─── Records shown ───

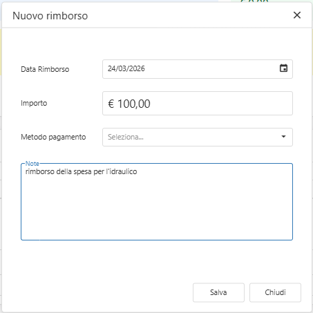 dove ci viene chiesto Data, Importo, Metodo di pagamento del rimborso, eventuali Note.
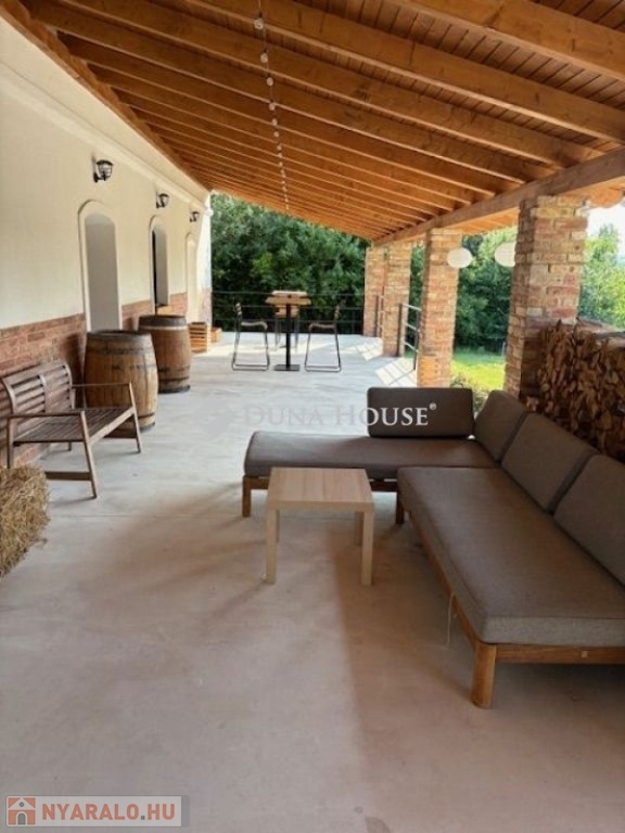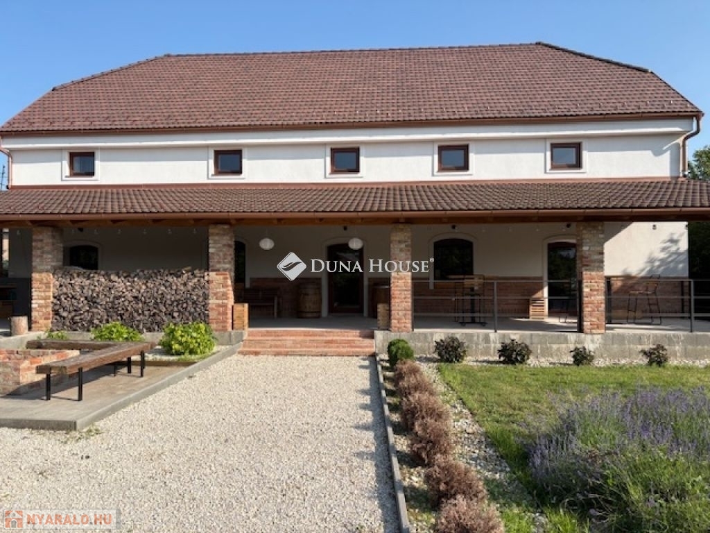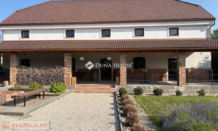Eladásra kínálunk közművel ellátott ingatlant, amely három helyrajzi számon található. Az ingatlan 310 nm-es, két szintes épületébe lépve két szoba, egy fürdőszoba, egy különálló wc kézmosóval, egy teljesen felszerelt beépített konyha, valamint két tágas nappali-rendezvénytér teret találunk, mely tökéletes helyszínt biztosít családi és üzleti összejövetelekhez egyaránt.Ez az ingatlan nem csupán egy otthon, hanem egy komplex vállalkozási lehetőséget is kínál annak, aki szeretne egy sajátos karakterű helyen élni és dolgozni. Az épület és a terület teljes körű felújításon esett át, így garantálva a modern kor elvárásainak megfelelő kényelmet és funkciót. Vegye át az irányítást ezen varázslatos hely felett, ahol az élet és az üzlet találkozik.Ezen felül az ingatlanon egy saját kút található, valamint egy lenyűgöző kiépített tégla boltíves pincerendszer, amely két szinten összesen 850 nm hasznos alapterülettel rendelkezik, és egy akna segítségével köti össze a szinteket. Ez a tágas, sokoldalúan hasznosítható hely kiválóan alkalmas borászati tevékenység, sajtkészítés vagy akár egyedi rendezvényhelyszínként való funkcionálásra is.A főépület előtt egy 80 nm-es fedett terasz húzódik, mely egy nagyméretű kemencével felszerelt, így ideális hely a szabadtéri összejövetelek és baráti grillpartik számára. A területen kb. 1 100 tő, 4 éves levendula nyújt látványos színt és illatot, amely nem csak szemet gyönyörködtető, de akár vállalkozási lehetőséget is rejt magában.Az épület modern komfortját vezetékes vízellátás, biológiai szennyvíztisztító berendezés, 3 fázisú elektromos áramellátás és 6,5 kW teljesítményű napelemes rendszer biztosítja. Az elektromos padlófűtés és a hűtő/fűtő klíma rendszerek egész évben kellemes hőmérsékletet garantálnak, míg az elektromos kapu és a körbekerített terület a biztonság érzetét növeli.
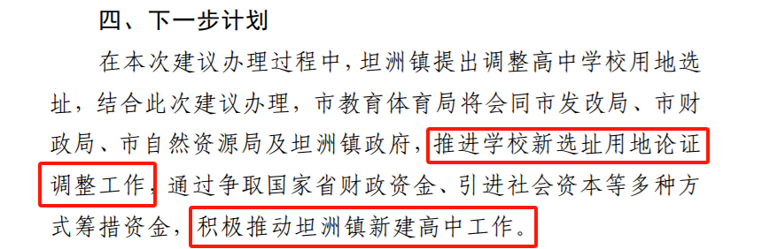 中山市坦洲镇人口众多,远离市区,没有高中,而且一直处于规划阶段,并无实际进展,是否是市级不够支持?何时才能落地?
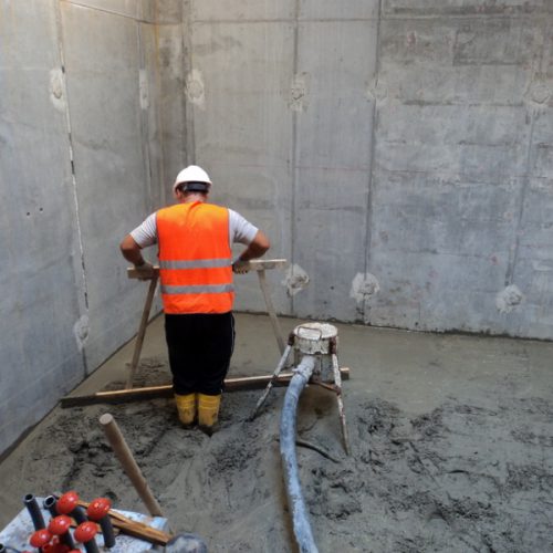 Because of the important dimensions of pontoons, long about 70 m, about 36 m wide and high about 8.70 m, the weight of each individual element (about 18,000 t) is decisive for their flotation, necessary for their transport from the area of the construction site to the bottom of the harbor mouth. The lightweight technical solution could not be separated from the component strength, necessary to implement the general static functions; then the aim of the designers was to identify a concrete mix that could combine lightness and resistance. The Lightweight concrete was used for the construction of some pontoons for the structure of the boxes (density about 1800 kg/m3 and average compressive strenght about 35 MPa) and for the construction of internal galleries into the pontoons, two per element, place in work in the thickness of about 40 cm to the entire length (approximately 60 m) through pneumatic pumping to facilitate and speed up the executive activities (density lower than 1500 kg/m3 and average cubic compression greater than 18 MPa).
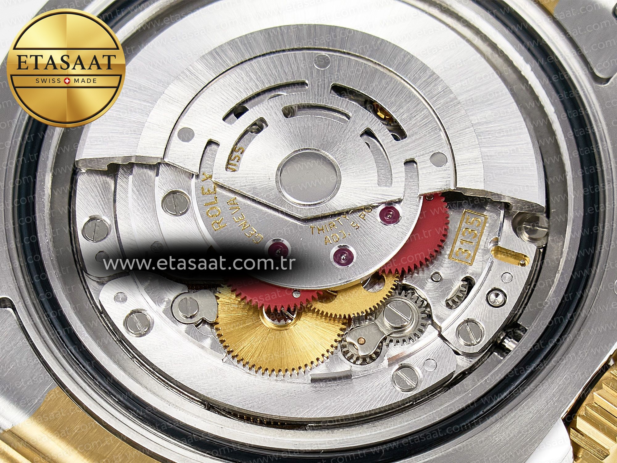 Strap: 904L stainless steel bracelet with perfect SEL, clasp and divers extension and smooth screws, 18k yellow gold plated middle links
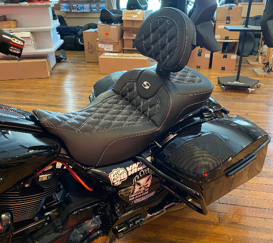 Saddlemen Roadsofa White Lattice Extended Seat w/ Backrest 08-24 Harley Touring
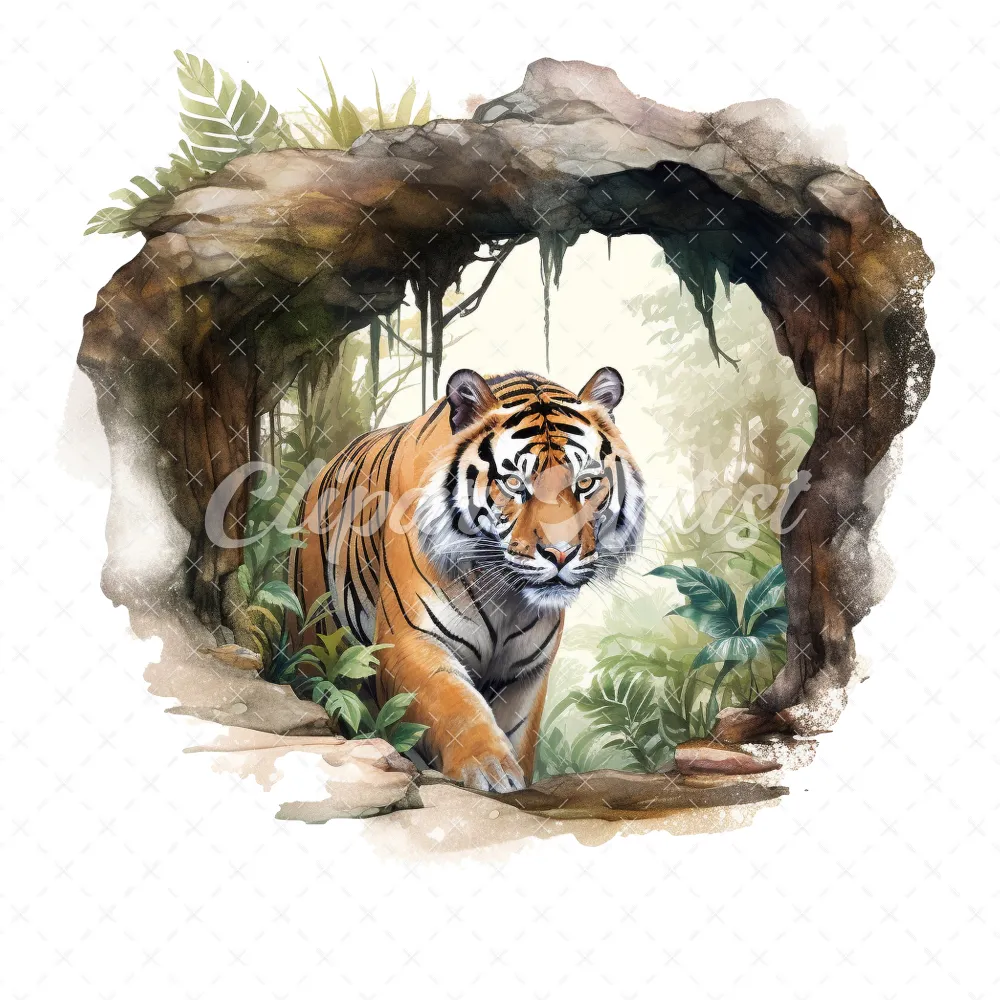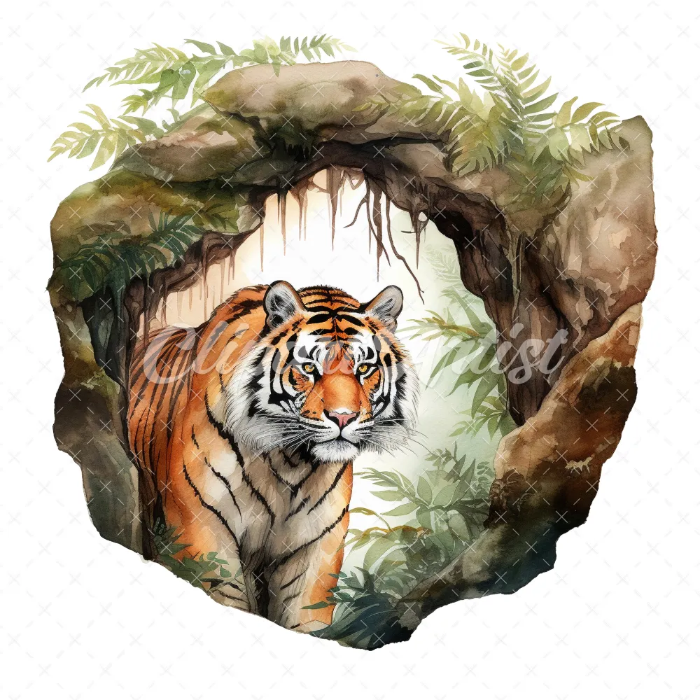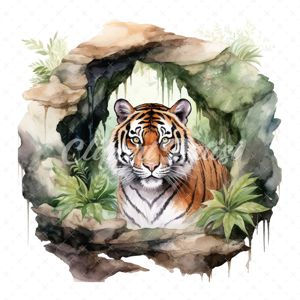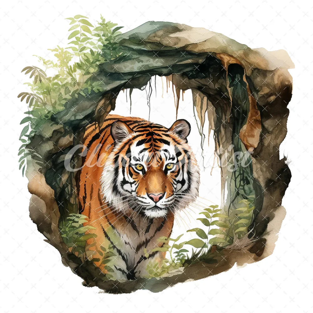 20 High-Quality Forest Cave Tiger Clipart – Cave tiger digital watercolor JPG instant download for commercial use – Digital download
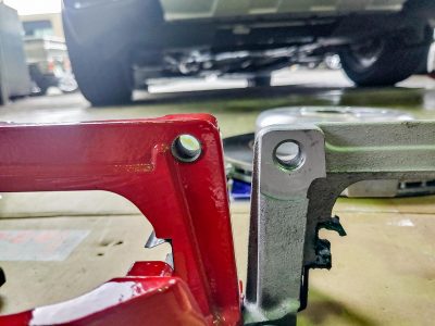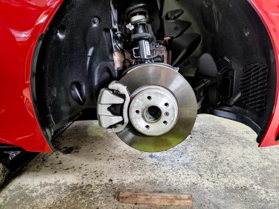入庫されたスープラはSZ-Rというグレードの車両になります。この車両にRZのブレーキをごっそり移植するという作業です。なぜ同じスープラでブレーキを替えるのかというと、SZよりもRZの方が性能の良いブレーキが装着されているからです!
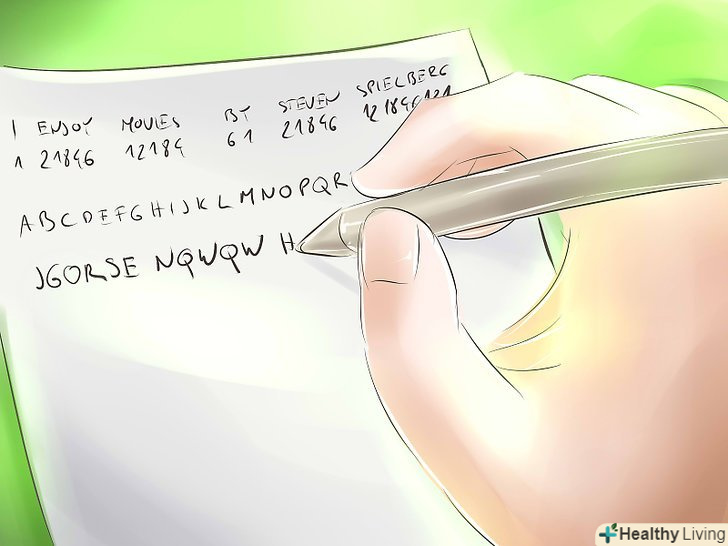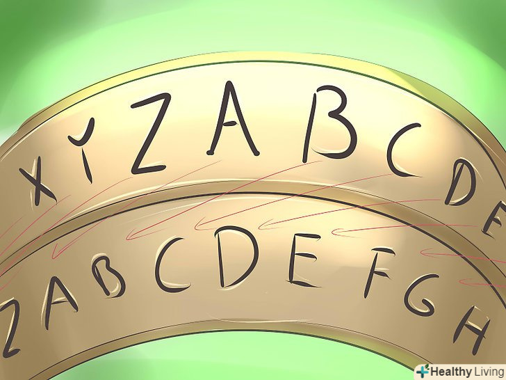 Створіть свій алфавіт шифру.Шифр Цезаря переміщує алфавіт і потім замінює букви їх новим номером по порядку. [2] це робить код більш важким для злому, якщо ви змінюєте розстановку регулярно. Наприклад, 3-х перестановочний шифр буде означати, що А стає Е, Б стає Ю, В стає я і т.д. якщо ви хочете написати «зустрічаємося завтра на станції», то повідомлення буде виглядати «Яопнвфевйоь ееяпне ке опекуее».- Існує багато варіантів зміни порядку алфавіту перед створенням коду. Це робить шифр більш надійним.
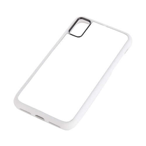 Custodia per iPhone X per la stampa in tecnologia di sublimazione. La custodia protegge perfettamente il telefono dall'usura eccessiva durante l'uso quotidiano. La stampa viene eseguita sulla piastrina mettallica addiunta, che deve essere incollata alla superficie esteriore della custodia.
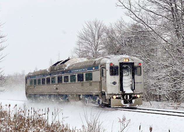 Falling snow last Saturday didn’t stop Reading & Northern’s all-day excursion from Reading Outer Station. The rail diesel car travels through the Hauto Valley Estates portion of Nesquehoning on its way to Jim Thorpe. More snow is on the way on Sunday. Check tnonline.com for the latest forecast. For storm prep, see page 7. AMY MILLER/TIMES NEWS
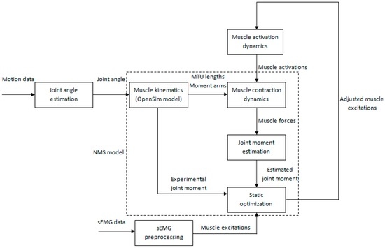 Following calibration, we employed a novel set of trail as input to drive the calibrated model. This simulation process is shown in Figure 5. Unlike calibration, the simulation process took adjusted muscle excitations as inputs of the muscle activation dynamics. This adjustment mechanism aimed at reducing the disadvantage of the effect of uncertainties in sEMG signals. Adjusted muscle excitations can be obtained using the following static optimization method:
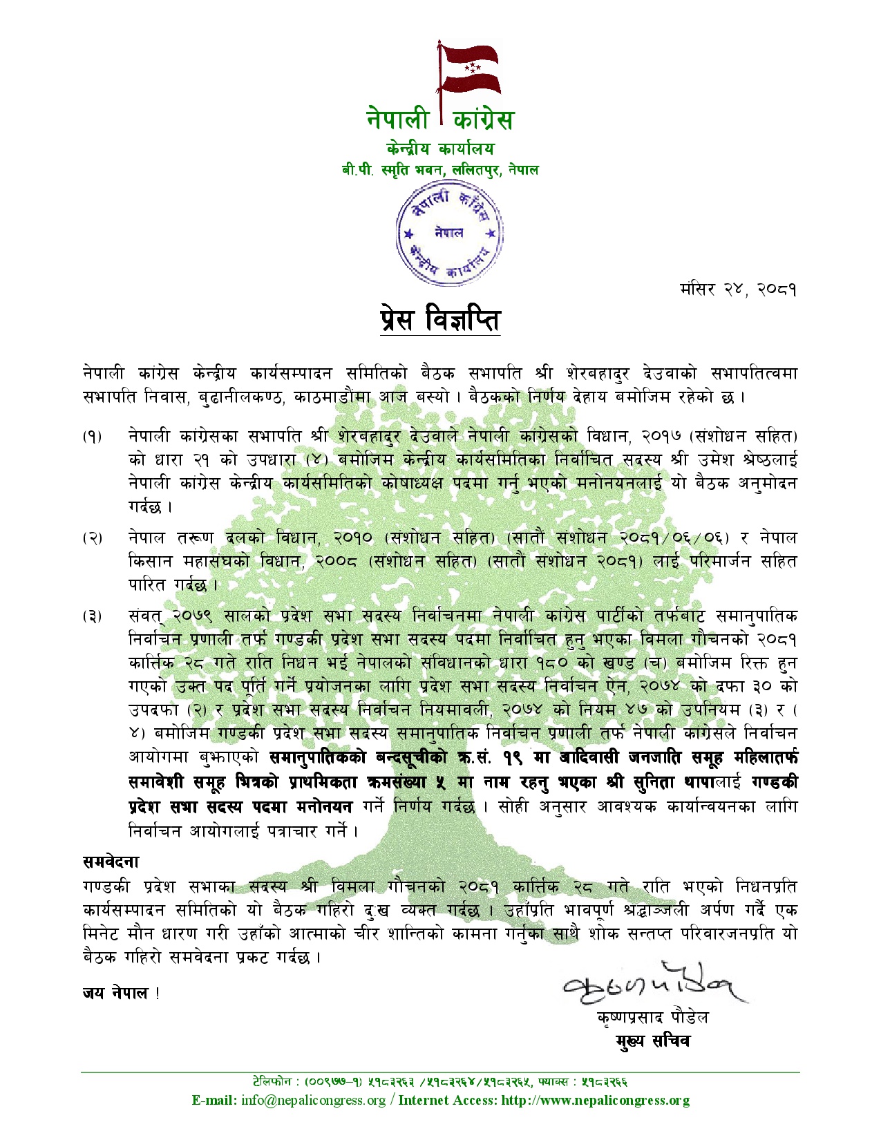 कांग्रेसले सभापति देउवाले उमेश श्रेष्ठलाई कोषाध्यक्ष पदमा गरेको मनोनयन अनुमोदन गरेको छ भने नेपाल तरुण दल र नेपाल किसान महासंघको विधान अनुमोदन गरेको छ । आवश्यक कार्यान्वयनका लागि निर्वाचन आयोगलाई पत्राचार गर्ने निर्णय भएको मुख्य सचिव कृष्णप्रसाद पौडेलद्वारा जारी विज्ञप्तिमा उल्लेख छ ।

───

Required action
Write the entries above out again exactly, but not the pictures.

Result
 dove ci viene chiesto Data, Importo, Metodo di pagamento del rimborso, eventuali Note.
Eladásra kínálunk közművel ellátott ingatlant, amely három helyrajzi számon található. Az ingatlan 310 nm-es, két szintes épületébe lépve két szoba, egy fürdőszoba, egy különálló wc kézmosóval, egy teljesen felszerelt beépített konyha, valamint két tágas nappali-rendezvénytér teret találunk, mely tökéletes helyszínt biztosít családi és üzleti összejövetelekhez egyaránt.Ez az ingatlan nem csupán egy otthon, hanem egy komplex vállalkozási lehetőséget is kínál annak, aki szeretne egy sajátos karakterű helyen élni és dolgozni. Az épület és a terület teljes körű felújításon esett át, így garantálva a modern kor elvárásainak megfelelő kényelmet és funkciót. Vegye át az irányítást ezen varázslatos hely felett, ahol az élet és az üzlet találkozik.Ezen felül az ingatlanon egy saját kút található, valamint egy lenyűgöző kiépített tégla boltíves pincerendszer, amely két szinten összesen 850 nm hasznos alapterülettel rendelkezik, és egy akna segítségével köti össze a szinteket. Ez a tágas, sokoldalúan hasznosítható hely kiválóan alkalmas borászati tevékenység, sajtkészítés vagy akár egyedi rendezvényhelyszínként való funkcionálásra is.A főépület előtt egy 80 nm-es fedett terasz húzódik, mely egy nagyméretű kemencével felszerelt, így ideális hely a szabadtéri összejövetelek és baráti grillpartik számára. A területen kb. 1 100 tő, 4 éves levendula nyújt látványos színt és illatot, amely nem csak szemet gyönyörködtető, de akár vállalkozási lehetőséget is rejt magában.Az épület modern komfortját vezetékes vízellátás, biológiai szennyvíztisztító berendezés, 3 fázisú elektromos áramellátás és 6,5 kW teljesítményű napelemes rendszer biztosítja. Az elektromos padlófűtés és a hűtő/fűtő klíma rendszerek egész évben kellemes hőmérsékletet garantálnak, míg az elektromos kapu és a körbekerített terület a biztonság érzetét növeli.
 中山市坦洲镇人口众多,远离市区,没有高中,而且一直处于规划阶段,并无实际进展,是否是市级不够支持?何时才能落地?
 Because of the important dimensions of pontoons, long about 70 m, about 36 m wide and high about 8.70 m, the weight of each individual element (about 18,000 t) is decisive for their flotation, necessary for their transport from the area of the construction site to the bottom of the harbor mouth. The lightweight technical solution could not be separated from the component strength, necessary to implement the general static functions; then the aim of the designers was to identify a concrete mix that could combine lightness and resistance. The Lightweight concrete was used for the construction of some pontoons for the structure of the boxes (density about 1800 kg/m3 and average compressive strenght about 35 MPa) and for the construction of internal galleries into the pontoons, two per element, place in work in the thickness of about 40 cm to the entire length (approximately 60 m) through pneumatic pumping to facilitate and speed up the executive activities (density lower than 1500 kg/m3 and average cubic compression greater than 18 MPa).
 Strap: 904L stainless steel bracelet with perfect SEL, clasp and divers extension and smooth screws, 18k yellow gold plated middle links
 Saddlemen Roadsofa White Lattice Extended Seat w/ Backrest 08-24 Harley Touring
 20 High-Quality Forest Cave Tiger Clipart – Cave tiger digital watercolor JPG instant download for commercial use – Digital download
入庫されたスープラはSZ-Rというグレードの車両になります。この車両にRZのブレーキをごっそり移植するという作業です。なぜ同じスープラでブレーキを替えるのかというと、SZよりもRZの方が性能の良いブレーキが装着されているからです!
 Створіть свій алфавіт шифру.Шифр Цезаря переміщує алфавіт і потім замінює букви їх новим номером по порядку. [2] це робить код більш важким для злому, якщо ви змінюєте розстановку регулярно. Наприклад, 3-х перестановочний шифр буде означати, що А стає Е, Б стає Ю, В стає я і т.д. якщо ви хочете написати «зустрічаємося завтра на станції», то повідомлення буде виглядати «Яопнвфевйоь ееяпне ке опекуее».- Існує багато варіантів зміни порядку алфавіту перед створенням коду. Це робить шифр більш надійним.
 Custodia per iPhone X per la stampa in tecnologia di sublimazione. La custodia protegge perfettamente il telefono dall'usura eccessiva durante l'uso quotidiano. La stampa viene eseguita sulla piastrina mettallica addiunta, che deve essere incollata alla superficie esteriore della custodia.
 Falling snow last Saturday didn’t stop Reading & Northern’s all-day excursion from Reading Outer Station. The rail diesel car travels through the Hauto Valley Estates portion of Nesquehoning on its way to Jim Thorpe. More snow is on the way on Sunday. Check tnonline.com for the latest forecast. For storm prep, see page 7. AMY MILLER/TIMES NEWS
 Following calibration, we employed a novel set of trail as input to drive the calibrated model. This simulation process is shown in Figure 5. Unlike calibration, the simulation process took adjusted muscle excitations as inputs of the muscle activation dynamics. This adjustment mechanism aimed at reducing the disadvantage of the effect of uncertainties in sEMG signals. Adjusted muscle excitations can be obtained using the following static optimization method:
 कांग्रेसले सभापति देउवाले उमेश श्रेष्ठलाई कोषाध्यक्ष पदमा गरेको मनोनयन अनुमोदन गरेको छ भने नेपाल तरुण दल र नेपाल किसान महासंघको विधान अनुमोदन गरेको छ । आवश्यक कार्यान्वयनका लागि निर्वाचन आयोगलाई पत्राचार गर्ने निर्णय भएको मुख्य सचिव कृष्णप्रसाद पौडेलद्वारा जारी विज्ञप्तिमा उल्लेख छ ।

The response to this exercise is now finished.